Plotted on paper, isolated points of memory-data grow toward each
other, tracing a curve that was once impossible.

Fred Osuna on Darkroom Tech, from Week #23 – Long lines

A non-specific theme such as ‘long lines’ can bounce around in one’s brain for days or weeks generating ideas before one of them becomes the most distinct of the lot. The immediate thought of an endless queue of people was the first to come to my mind. Then there was the only slightly less obvious visual image of snaking traffic. A shaft of light. The barrel of a gun. An unnerving stream of forced patience.

While writing “Darkroom Tech,” I incorporated all of these concepts that the prompt ‘long lines’ had planted in my thoughts, and I wrapped them around a character who seemed to me to be the personification of a lit and inevitably explosive fuse – another ‘long line’ image.

I was thinking of this process at midnight this morning while standing behind thirty other people at Wal-Mart, waiting to buy my nephew a PlayStation bowling game for Christmas. The line behind me stretched into the aisle from the electronics department, past sporting goods and their specials on fishing rods and reels, around the women’s undergarments section (advertising shapely girdles), almost reaching the car detailing garage where they paint those sharp thin white borders on Camaros. Some guy tried to cut in front of me in a manic rush, snorting and wiping his coked face repeatedly. I noticed his shoelaces trailing behind him, the aglets click clacking on the striped linoleum tiles. His veins ran visibly up his forearm…

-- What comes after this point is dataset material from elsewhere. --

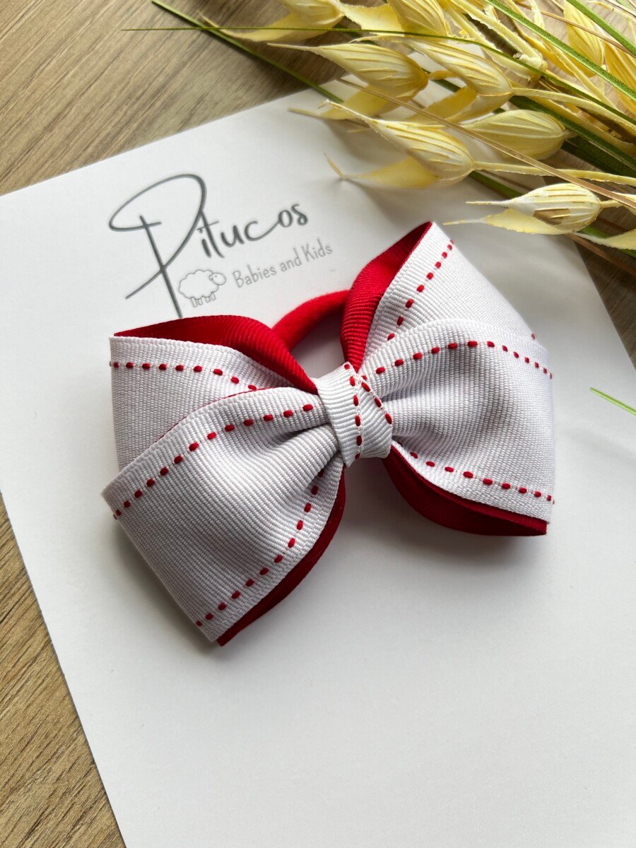 Lazo elaborado en cinta combinada: externo blanco con pespuntes rojos e interno rojo

…Wait. Wasn’t I talking about long lines?

Martin Brick on Just Listen, from Week #17 – We are not responsible

It’s probably Saturday, maybe Sunday.  Weeknights I don’t cook much, but on the weekend I like putting several hours into the kitchen, denying the stack of freshmen essays.

There’s usually a drink going.  Recently, sidecars (thank you Mad Men).  At three in the afternoon, empty stomach, a little bit goes a long way.  A buzz and a rhythm.  A few dishes going, drink close at hand, and the key to proper kitchen zen – music.

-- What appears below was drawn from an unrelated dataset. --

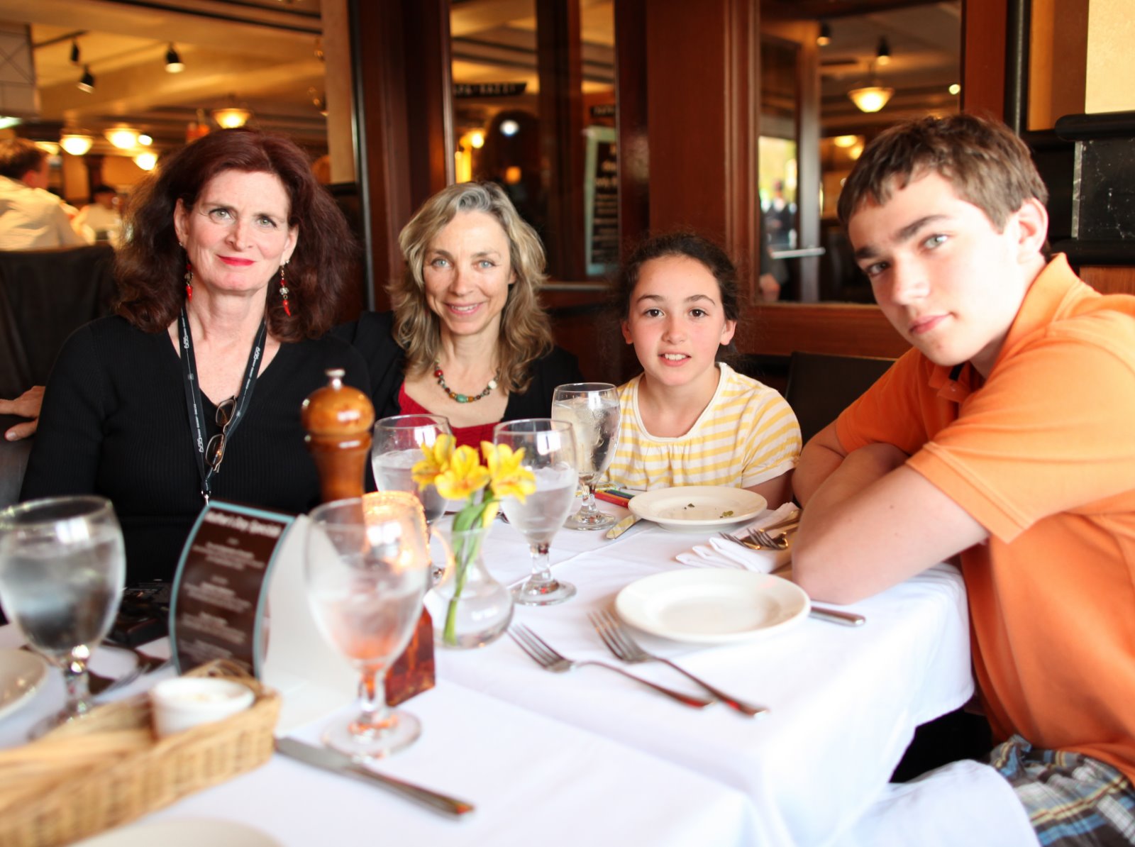 My birthday girl turned 47 today and just seems to grow more beautiful, vibrant and wise with each passing year. She received several dozen phone calls and e-mails from family and friends, was treated to lunch by her local chic clique, and celebrated with our family over dinner at the Asiana restaurant in Bedford. Maya created a very special hand made birthday card and the boys chipped in for a raspberry plant which they have committed to plant for her as well. Inspired by who knows what, the boys got into a playful wrestling match tickling each other and tumbling around much as they did when they were toddlers. It brought back fond memories and capped the evening on a very happy note.

For “Just Listen” it was Peter Mulvey’s album Knuckleball Suite.  With the theme “We are not Responsible,” I knew the mood I wanted: rural and summer – one of those nothing-doing but magical nights.  The title track set that stage.  His other songs rounded out the details.  A song about Eisenhower and nostalgia gave me “Abilene” for the radio broadcast.  “Marty and Lou” show up in a song about two armchair philosophers.  But “The Girl in the Hightops” provided my conflict.  About getting old, listening to some youngster wax poetic on the sublime beauty of a poet’s death.  You see yourself; you see it as a little silly.  Throw in Bono’s declaration that young artists “kill the inspiration to celebrate the grief” and you’ve got something.

The parts emerge from the music and the caramelizing onions.  As long as I don’t hit the sidecars too hard, those parts stay.  After dinner I play with them on paper.  Always paper first.  Then type and hit the word count.  Too long; pare it down.  Word count.  Repeat as necessary.

Susan Gibb on The Lottery, from Week #23 – Long lines

One of the most difficult stories for me to write for this challenge was for Week #23’s theme of “Long lines.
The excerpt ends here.